┌──
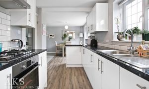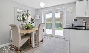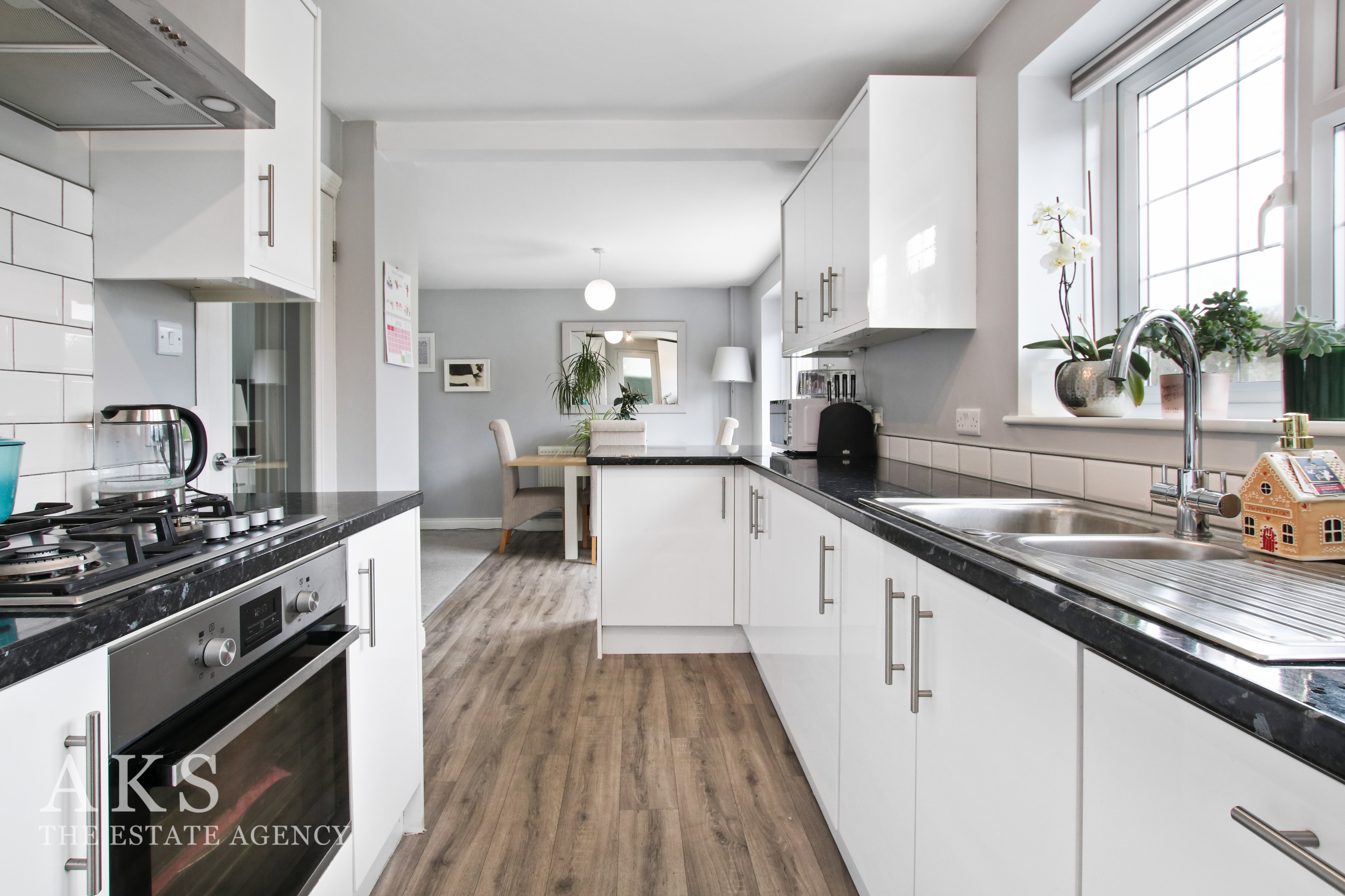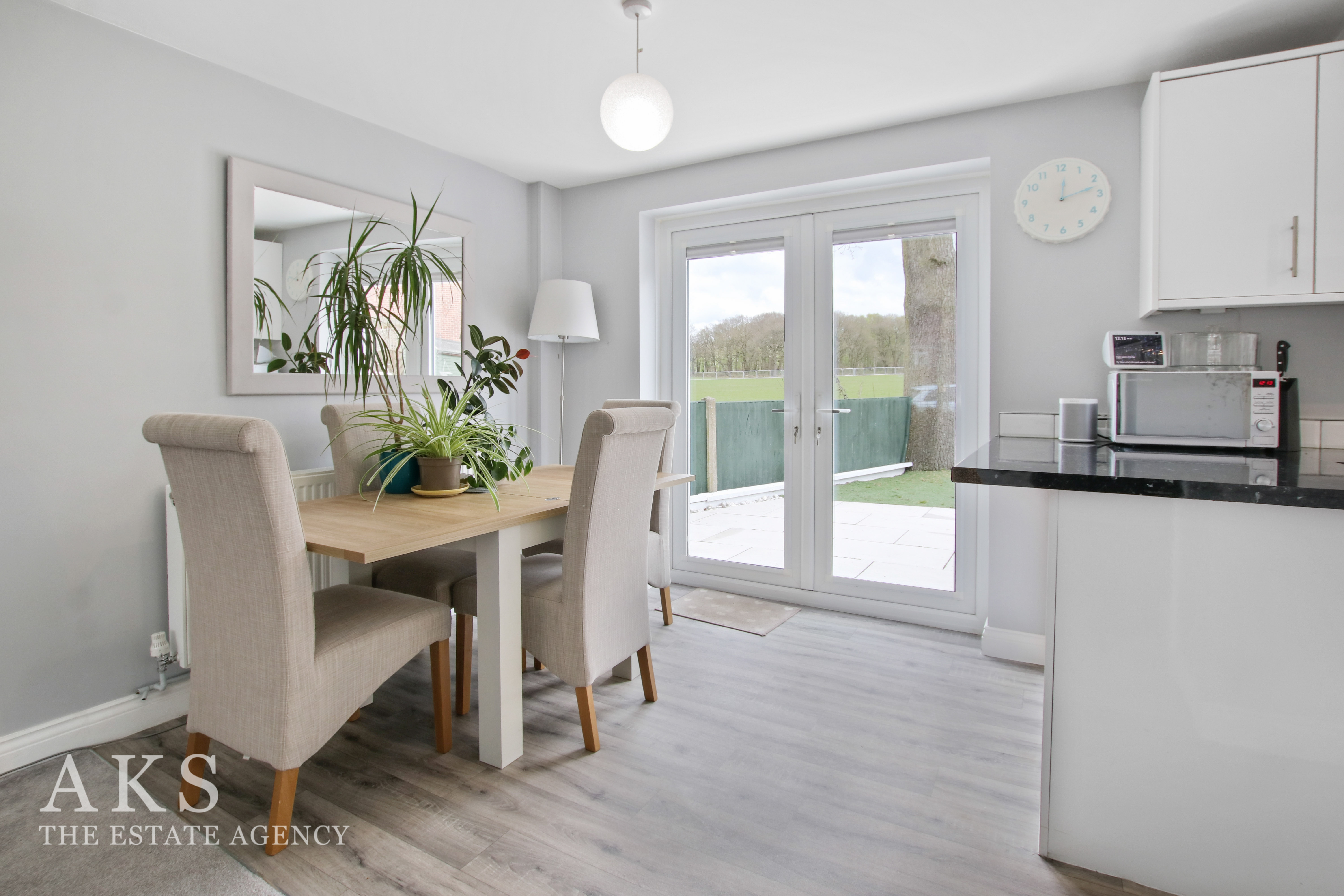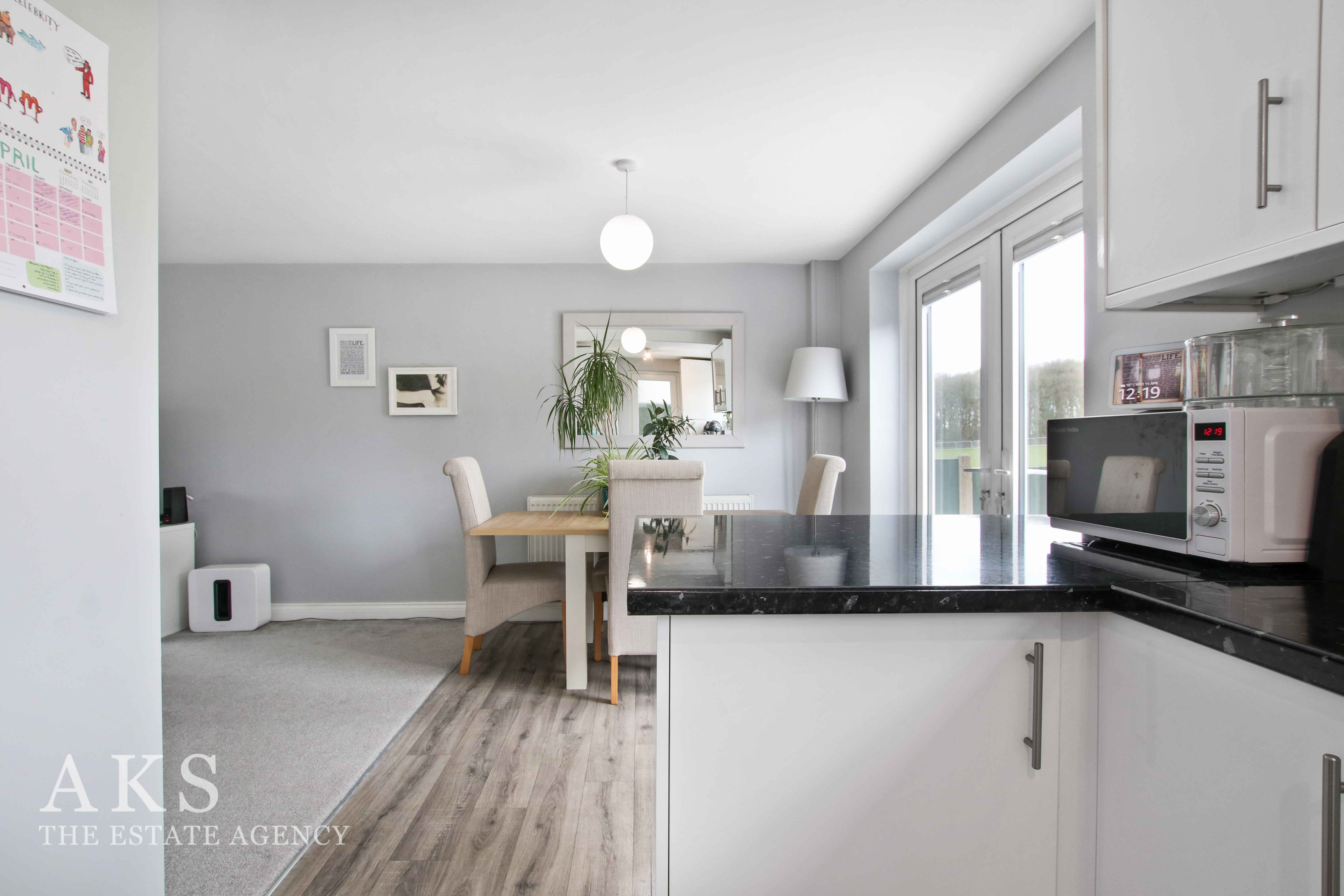 Inside, the layout is incredibly versatile. At the front of the house, there’s a large reception room that you can really make your own – whether that’s a home office, a snug, or even a games room. The rest of the ground floor flows brilliantly, with an open-plan living space that feels bright and airy. The living room leads naturally into the dining area, which sits right by the patio doors – perfect for letting in lots of light and making indoor-outdoor living feel seamless in the warmer months. The kitchen wraps around from here and has a clean, modern feel with its smart white finish and neatly tucked-away appliances, which helps keep everything looking uncluttered.
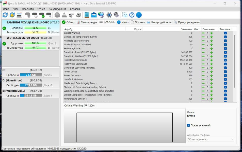 Выводятся подробные сведения по всем разделам в системе, независимо от количества установленных накопителей; в дальнейшем эти данные используются для автоматического предупреждения и наглядного отображения статуса.
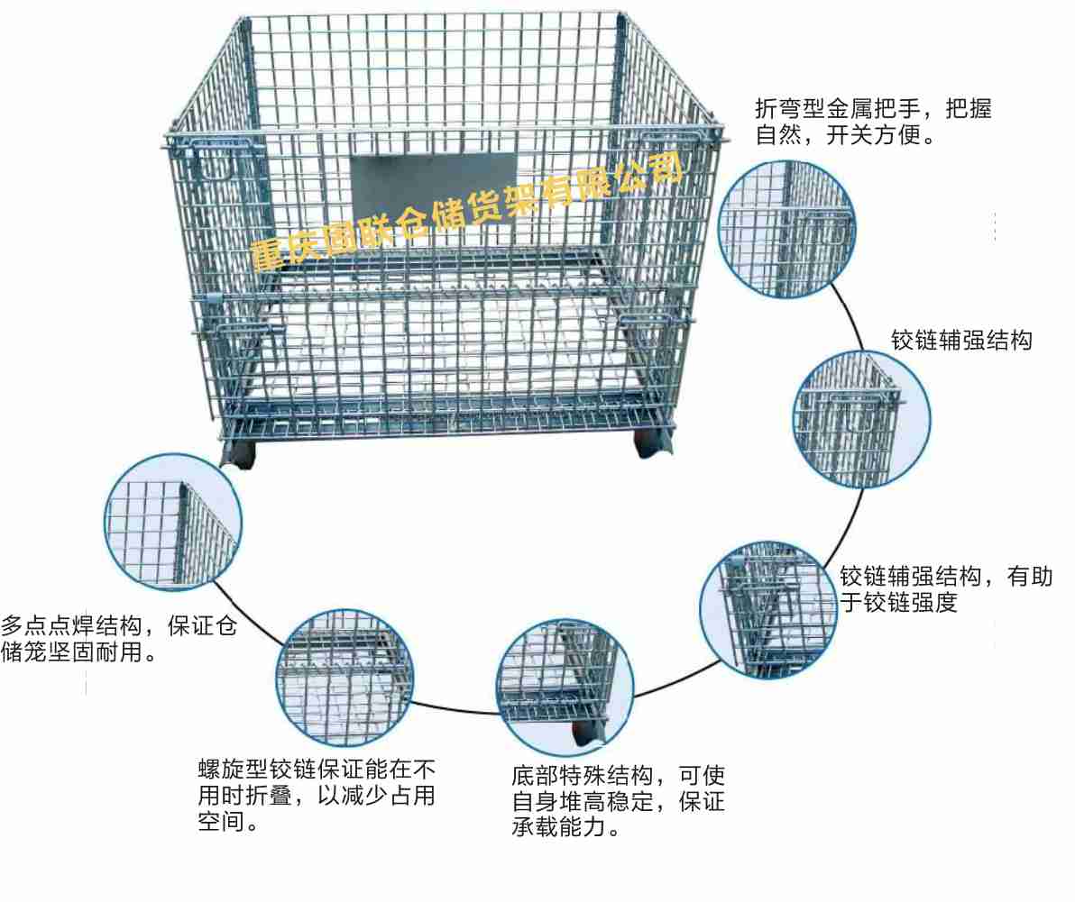 1、操作簡便,應用廣泛,壽命長。 2、規格統一,容量固定,存放一目了然,易于倉庫的清點。 3、可使用叉車、升降機、吊車、相互堆疊四層高,實現立體化存儲。 4、使用強力鋼條點焊而成,底部以U型槽鋼焊接補強,使結構更堅固。 5、配合叉車、臺車、液壓托盤車等設備,可使用于運輸、搬運、裝卸、存儲保管等物流各個環節中。
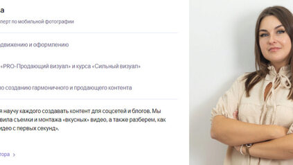 Продолжительность: 9 недель 10 проектов в портфолио Более 11 365 человек выбрали наши курсы Это курс с нуля для тех, кто понимает, что съёмка на мобильный телефон — это тренд, а вертикальные видео набирают просмотров сейчас больше, чем любой другой формат. Курс поможет освоить мобильную съемку и
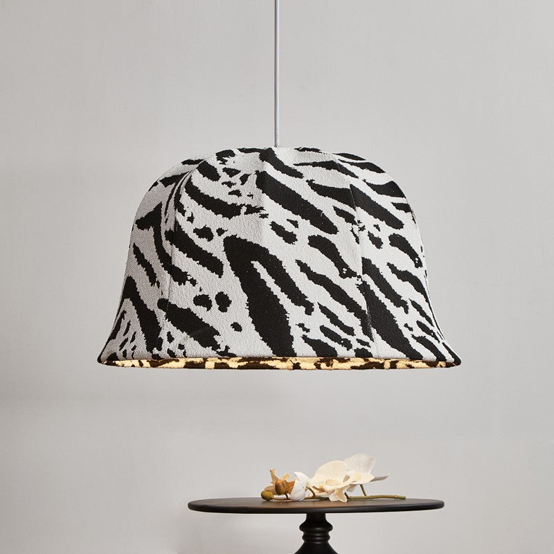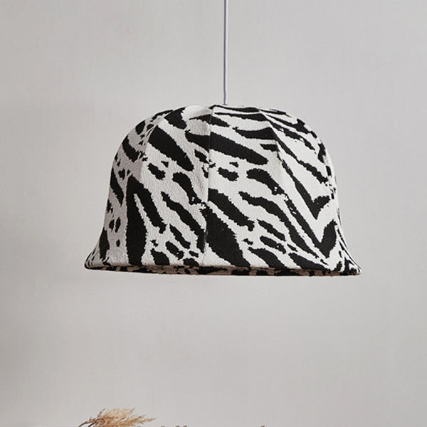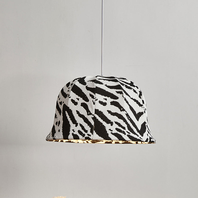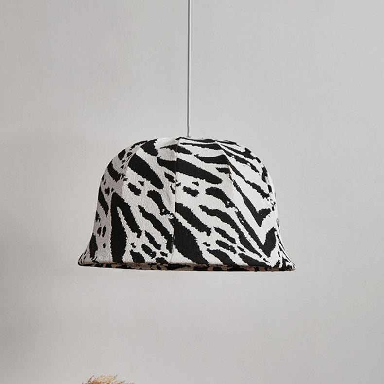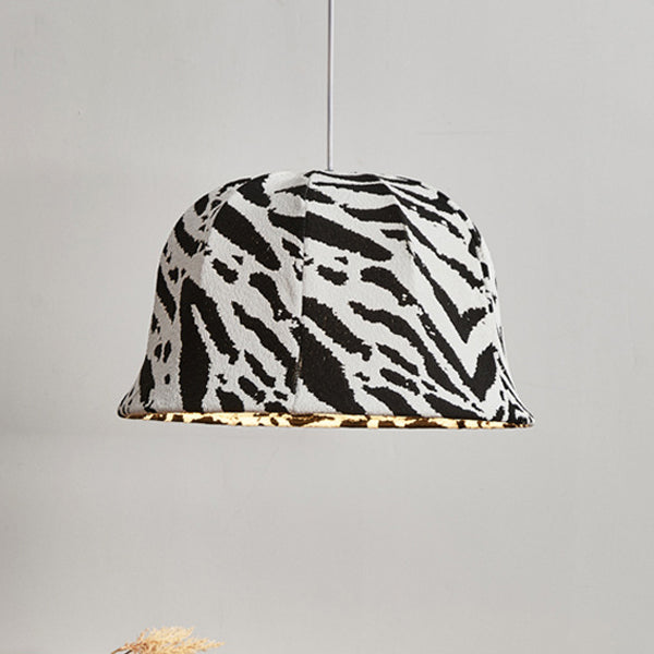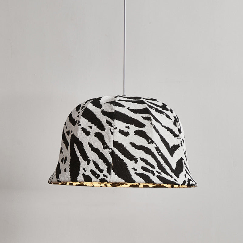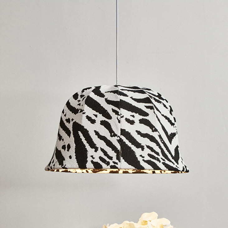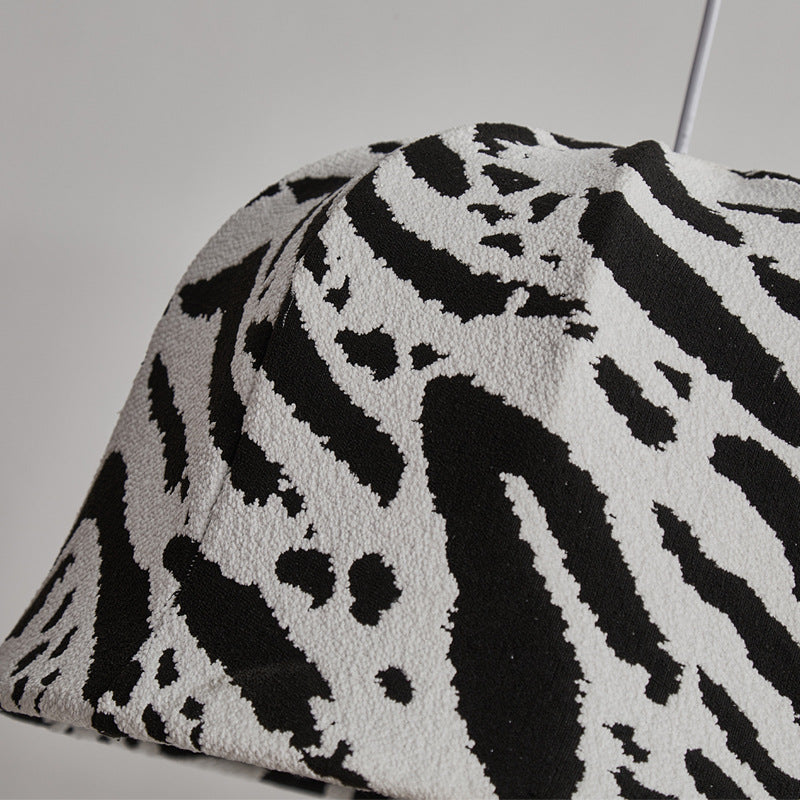 This modern decorative pendant light features a bold black-and-white zebra dome design, handcrafted with fabric and iron. The adjustable hanging cord makes it perfect for bedrooms or living rooms seeking a touch of artistic flair and originality.
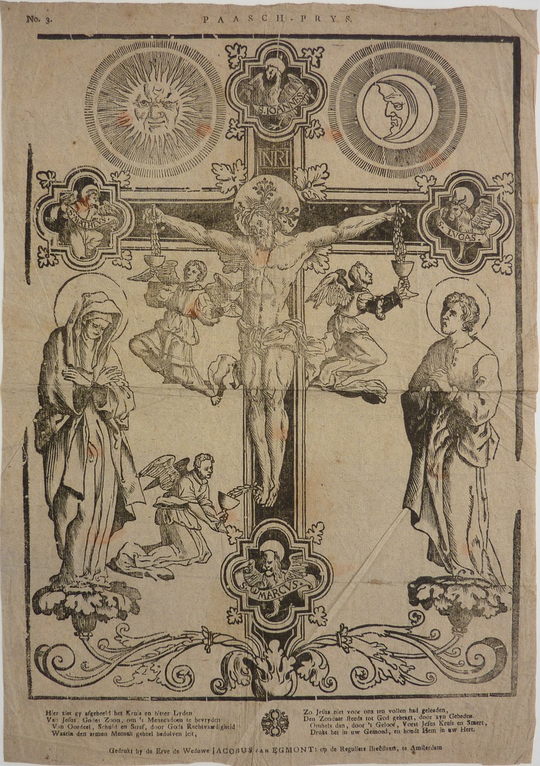 Centsprent met houtsnede van de kruisiging, met links Maria en rechts Johannes de evangelist. Op de uiteinden van het kruis de vier evangelistensymbolen in een vierpas. Engelen vangen bloed uit de voet- en handwonden van Christus op in kelken. Linksboven is de zon weergegeven, rechts de maan. Boven de prent staat 'No. 3' en 'Paasch-prys'. ...
└──
• **Assigned task**: Repeat the material exactly as it reads, without any of its pictures.

• **Reply**:
 Inside, the layout is incredibly versatile. At the front of the house, there’s a large reception room that you can really make your own – whether that’s a home office, a snug, or even a games room. The rest of the ground floor flows brilliantly, with an open-plan living space that feels bright and airy. The living room leads naturally into the dining area, which sits right by the patio doors – perfect for letting in lots of light and making indoor-outdoor living feel seamless in the warmer months. The kitchen wraps around from here and has a clean, modern feel with its smart white finish and neatly tucked-away appliances, which helps keep everything looking uncluttered.
 Выводятся подробные сведения по всем разделам в системе, независимо от количества установленных накопителей; в дальнейшем эти данные используются для автоматического предупреждения и наглядного отображения статуса.
 1、操作簡便,應用廣泛,壽命長。 2、規格統一,容量固定,存放一目了然,易于倉庫的清點。 3、可使用叉車、升降機、吊車、相互堆疊四層高,實現立體化存儲。 4、使用強力鋼條點焊而成,底部以U型槽鋼焊接補強,使結構更堅固。 5、配合叉車、臺車、液壓托盤車等設備,可使用于運輸、搬運、裝卸、存儲保管等物流各個環節中。
 Продолжительность: 9 недель 10 проектов в портфолио Более 11 365 человек выбрали наши курсы Это курс с нуля для тех, кто понимает, что съёмка на мобильный телефон — это тренд, а вертикальные видео набирают просмотров сейчас больше, чем любой другой формат. Курс поможет освоить мобильную съемку и
 This modern decorative pendant light features a bold black-and-white zebra dome design, handcrafted with fabric and iron. The adjustable hanging cord makes it perfect for bedrooms or living rooms seeking a touch of artistic flair and originality.
 Centsprent met houtsnede van de kruisiging, met links Maria en rechts Johannes de evangelist. Op de uiteinden van het kruis de vier evangelistensymbolen in een vierpas. Engelen vangen bloed uit de voet- en handwonden van Christus op in kelken. Linksboven is de zon weergegeven, rechts de maan. Boven de prent staat 'No. 3' en 'Paasch-prys'. ...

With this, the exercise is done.